Assignment: Strip the pictures, then copy the remaining data exactly as it stands.

Provided entries:

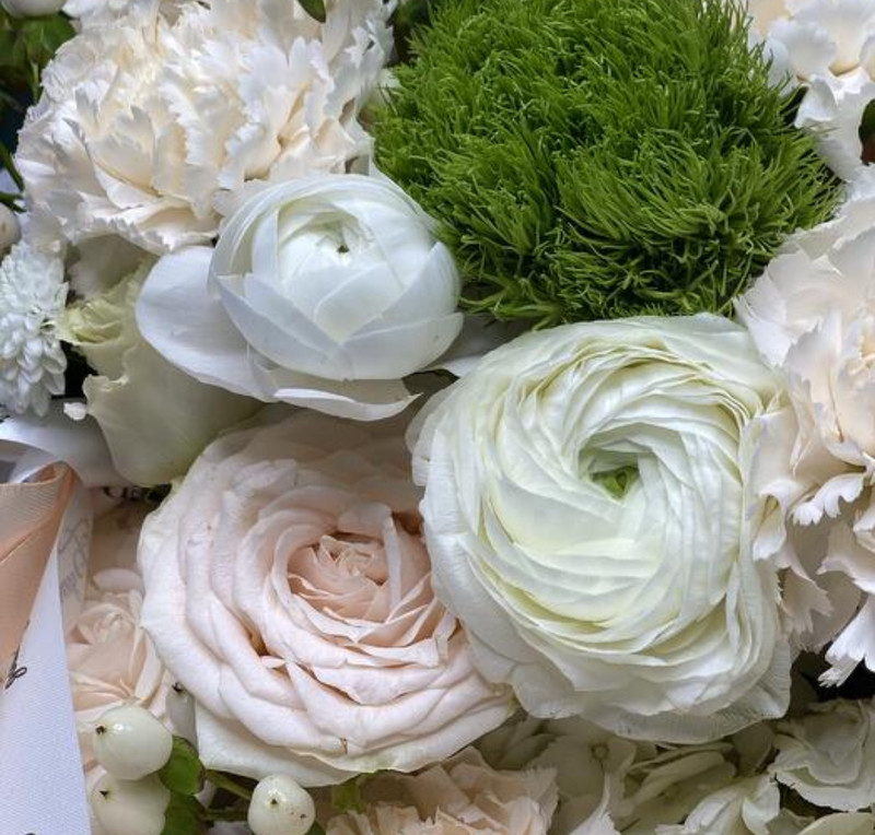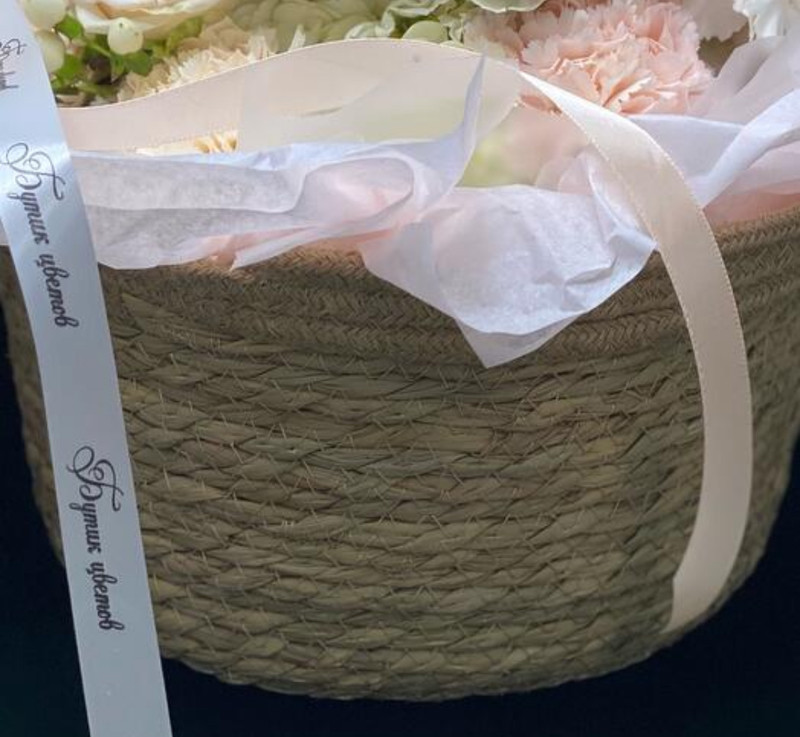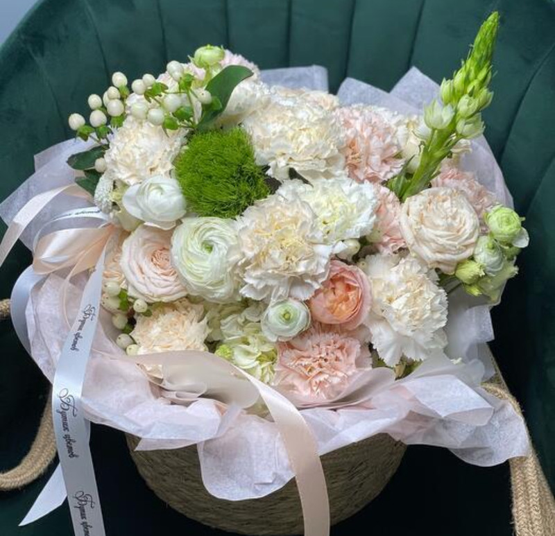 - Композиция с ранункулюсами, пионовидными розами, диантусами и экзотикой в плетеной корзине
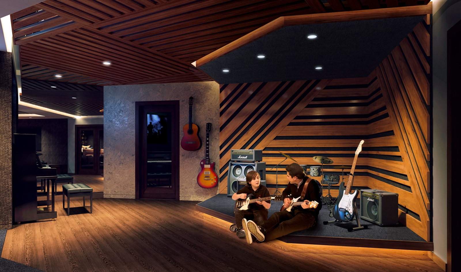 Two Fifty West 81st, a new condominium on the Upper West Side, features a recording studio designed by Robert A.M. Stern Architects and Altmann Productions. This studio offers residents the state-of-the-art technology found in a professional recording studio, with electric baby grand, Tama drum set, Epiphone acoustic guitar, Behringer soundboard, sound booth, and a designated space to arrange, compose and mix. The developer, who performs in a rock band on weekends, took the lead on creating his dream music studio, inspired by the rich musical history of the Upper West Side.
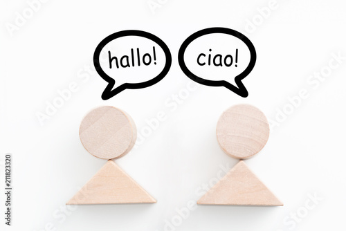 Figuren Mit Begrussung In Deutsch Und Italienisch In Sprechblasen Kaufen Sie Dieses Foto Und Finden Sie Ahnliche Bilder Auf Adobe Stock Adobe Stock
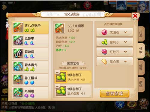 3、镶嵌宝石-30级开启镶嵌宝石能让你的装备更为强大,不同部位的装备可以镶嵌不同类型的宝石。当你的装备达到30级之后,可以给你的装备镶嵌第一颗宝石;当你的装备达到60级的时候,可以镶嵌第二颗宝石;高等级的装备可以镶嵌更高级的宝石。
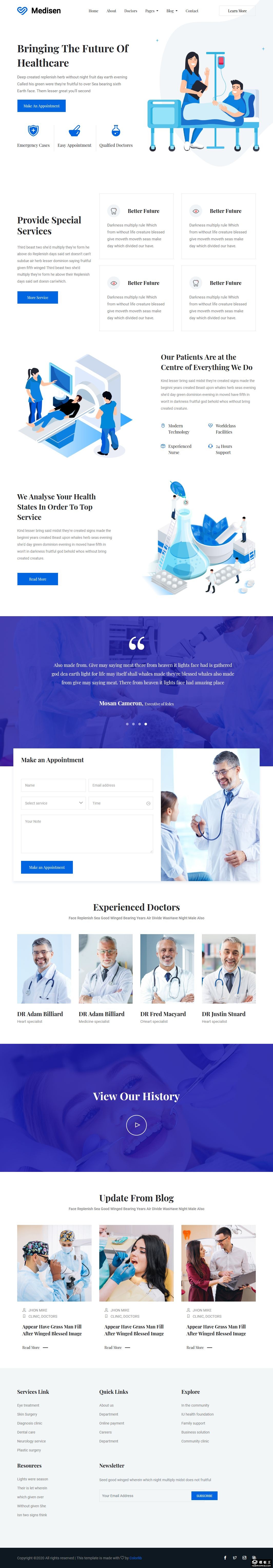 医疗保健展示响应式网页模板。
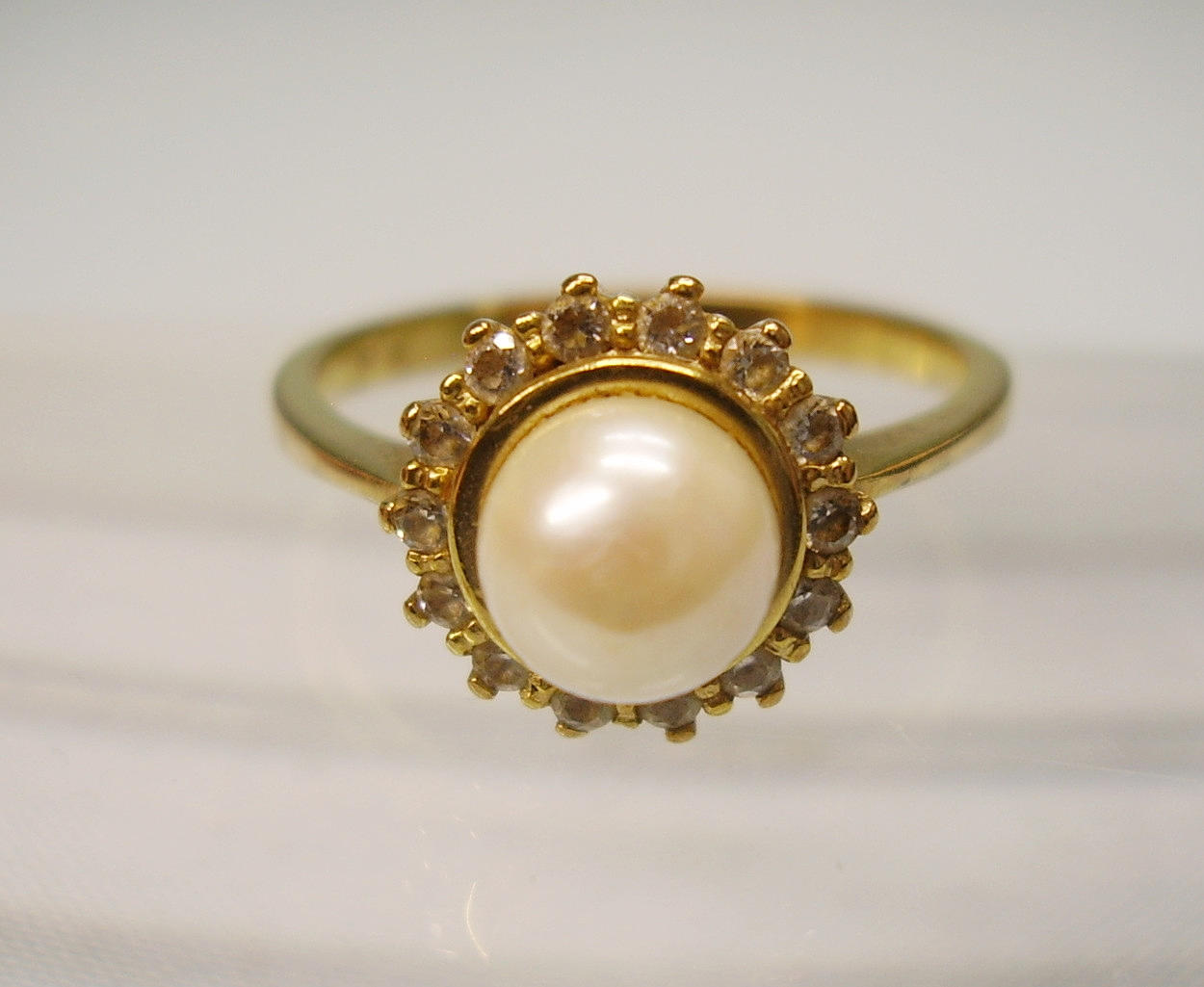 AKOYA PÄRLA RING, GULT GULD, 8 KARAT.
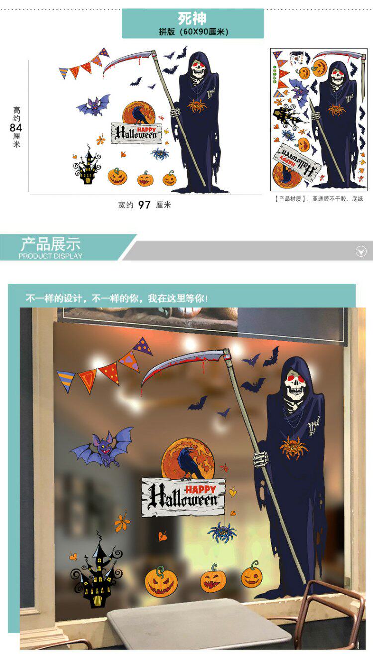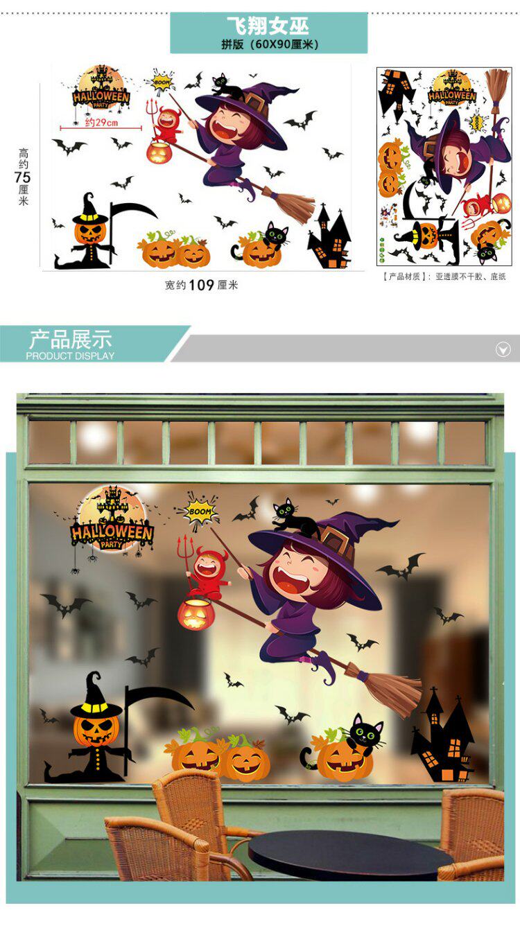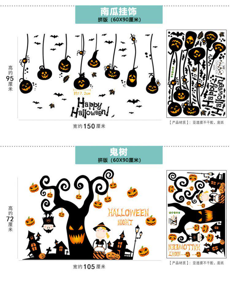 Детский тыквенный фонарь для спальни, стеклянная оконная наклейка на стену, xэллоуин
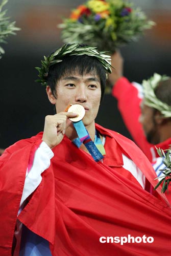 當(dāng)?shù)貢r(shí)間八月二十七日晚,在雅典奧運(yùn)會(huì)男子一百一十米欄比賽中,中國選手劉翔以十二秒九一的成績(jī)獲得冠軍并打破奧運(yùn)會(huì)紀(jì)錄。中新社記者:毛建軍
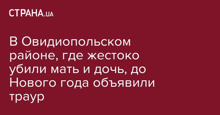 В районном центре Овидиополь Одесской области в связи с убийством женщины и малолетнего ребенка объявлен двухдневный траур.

Written reply:
 - Композиция с ранункулюсами, пионовидными розами, диантусами и экзотикой в плетеной корзине
 Two Fifty West 81st, a new condominium on the Upper West Side, features a recording studio designed by Robert A.M. Stern Architects and Altmann Productions. This studio offers residents the state-of-the-art technology found in a professional recording studio, with electric baby grand, Tama drum set, Epiphone acoustic guitar, Behringer soundboard, sound booth, and a designated space to arrange, compose and mix. The developer, who performs in a rock band on weekends, took the lead on creating his dream music studio, inspired by the rich musical history of the Upper West Side.
 Figuren Mit Begrussung In Deutsch Und Italienisch In Sprechblasen Kaufen Sie Dieses Foto Und Finden Sie Ahnliche Bilder Auf Adobe Stock Adobe Stock
 3、镶嵌宝石-30级开启镶嵌宝石能让你的装备更为强大,不同部位的装备可以镶嵌不同类型的宝石。当你的装备达到30级之后,可以给你的装备镶嵌第一颗宝石;当你的装备达到60级的时候,可以镶嵌第二颗宝石;高等级的装备可以镶嵌更高级的宝石。
 医疗保健展示响应式网页模板。
 AKOYA PÄRLA RING, GULT GULD, 8 KARAT.
 Детский тыквенный фонарь для спальни, стеклянная оконная наклейка на стену, xэллоуин
 當(dāng)?shù)貢r(shí)間八月二十七日晚,在雅典奧運(yùn)會(huì)男子一百一十米欄比賽中,中國選手劉翔以十二秒九一的成績(jī)獲得冠軍并打破奧運(yùn)會(huì)紀(jì)錄。中新社記者:毛建軍
 В районном центре Овидиополь Одесской области в связи с убийством женщины и малолетнего ребенка объявлен двухдневный траур.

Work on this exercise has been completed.